I'm solving an optimization problem
\begin{equation}
\begin{aligned}\label{}
& \underset{A\in \mathbb{R}_{m,d_1} B\in \mathbb{R}_{n,d_2}}{\text{minimize}}
& & \phi({A},B) \\
& \text{subject to}
& & \|Ha_j\|_2^2=1 , \ j = 1, \ldots, d_1.\\
&&& \|Vb_j\|_2^2=1 , \ j = 1, \ldots, d_2.
\end{aligned}
\end{equation}
where $H$ and $V$ are known matrices, $a_j$'s and $b_j$'s are columns of $A$ and $B$
I can't solve the optimal solution, so I try to use numerical methods like gradient descent
But I don't know how to use gradient descent with such constraint
I already have derivative of $\phi$ w.r.t. to $A$ and $B$
My thought is to seek the matrix $A'$ in the constraint set which has the smallest distance (like Frobenius norm) to $A_{k+1}^{temp} = A_k- \alpha_k\frac{\partial\phi}{\partial A}(A_k,B_k)$ to be $A_{k+1}$and follow the similar way to update $B$.
That is, solve
\begin{equation}
\begin{aligned}\label{}
& \underset{A\in \mathbb{R}_{m,d_1} }{\text{minimize}}
& & \|A-A_{k+1}^{temp}\|_F^2 \\
& \text{subject to}
& & \|Ha_j\|_2^2=1 , \ j = 1, \ldots, d_1.\\
\end{aligned}
\end{equation}
Am I on the right way to constrainted gradient descent?

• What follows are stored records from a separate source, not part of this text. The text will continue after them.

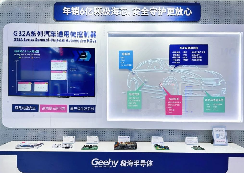 本次展会,极海重点展出了四大核心产品线,覆盖智能驾驶、车身控制、自动泊车等关键领域,全系列产品均已规模量产,并符合AEC-Q100和ISO 26262功能安全产品认证标准,可为车企提供高可靠、高安全的多元化芯片产品选择。
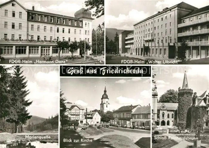 AK / Ansichtskarte Friedrichroda FDGB Heime Hermann Danz Walter Ulbricht Marienquelle Kirche Friedrichroda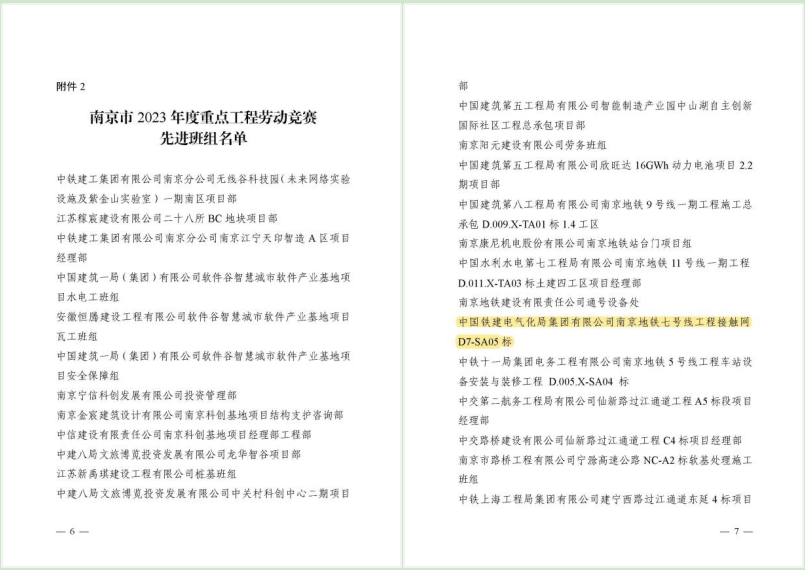 近日,南京市总工会印发了《关于南京市2023年度重点工程劳动竞赛结果的通报》,62个集体被评为“南京市2023年度重点工程劳动竞赛先进班组”,其中城轨公司承建的南京地铁七号线工程接触网D7-SA05标获评为“先进班组”,后续将被授予“南京市工人先锋号”荣誉。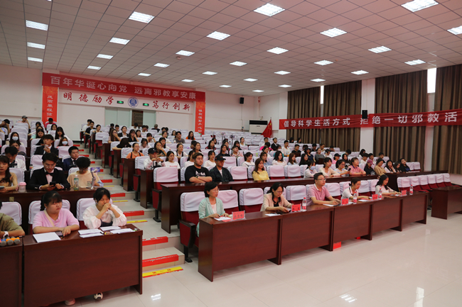 本站讯 6月17日下午,由我校党委宣传部主办的“以青春之名 赴百年之约”第十七届挑战金话筒主持人大赛决赛在行政楼第一会议厅举行。大赛邀请了开封市主任播音员、河南省十佳播音员、开封市专业技术拔尖人才、开封市朗诵协会副会长计亮,开封报业集团记者宋献霞,我校党委委员、党委宣传部部长陈岩,校工会副主席秦雪峰,公共艺术教研部主任刘莎莎担任大赛评委。各院部学生代表约200人参加并观看了比赛。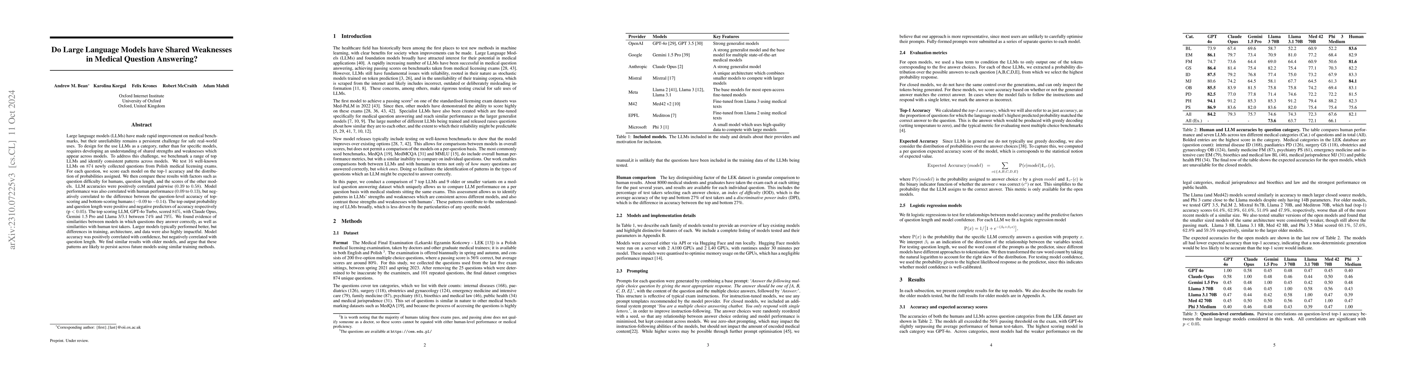 This study benchmarks eight leading large language models (LLMs) on medical questions from Polish licensing exams, revealing that while LLM accuracies are positively correlated, they also correlate weakly with human performance. GPT-4 Turbo achieved the highest accuracy at 82%, with larger models generally outperforming smaller ones. The research highlights consistent patterns in model performance, indicating that model confidence and question length significantly influence accuracy.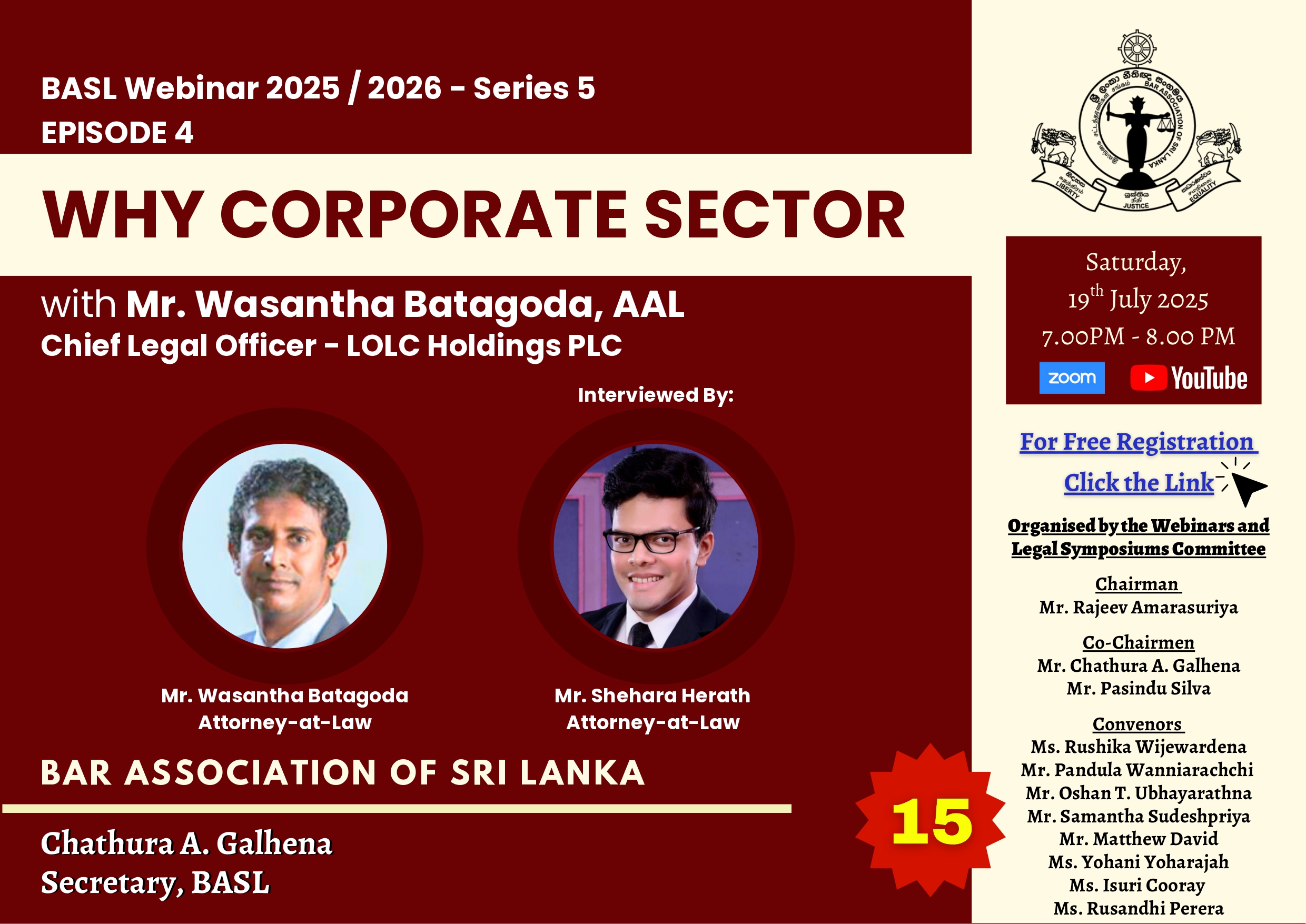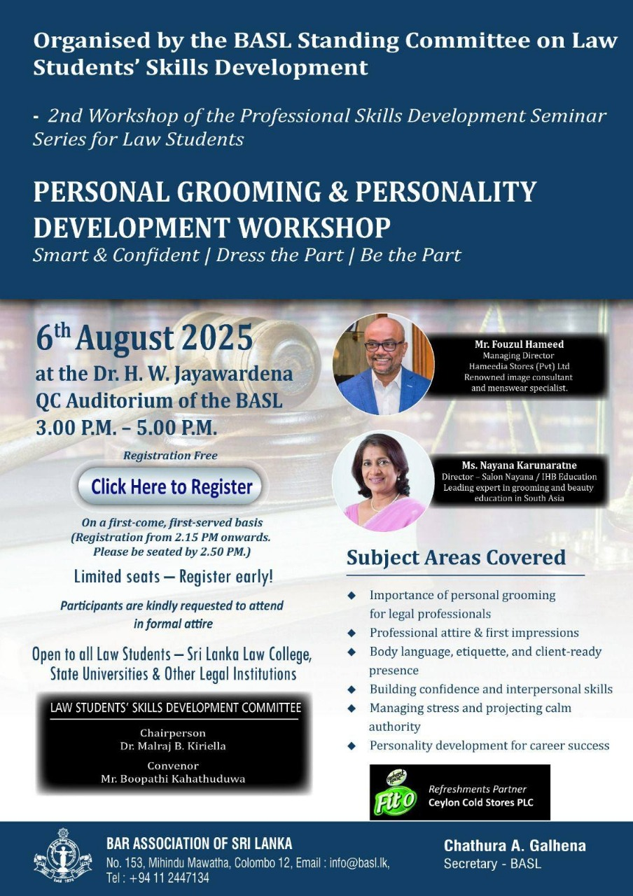 නීති තීර්ථ (Neethi Theertha) is a new series of 20 Sessions for Law Students of the Faculty of Law of the University of Colombo, organised with the support of the BASL. The first session will be conducted by BASL President Mr. Rajeev Amarasuriya. ...

Any help would be appreciated!
Refer to Rem's answer, BFGS may work better. But how BFGS work on matrix variable and under some constraints?
You probably want to look at the dual problem. Introduce a penalty in your cost function and solve a bigger but easier problem instead. See Duality, Lagrange multiplier.
The idea is solve a new, unconstrained problem, namely find a saddle point of: $$L(A,B,\lambda,\mu) = \phi(A,B) - \sum_{j=1}^{d1}\lambda_j(\lVert Ha_j\rVert^2-1) - \sum_{j=1}^{d2}\mu_j(\lVert Vb_j\rVert^2-1)$$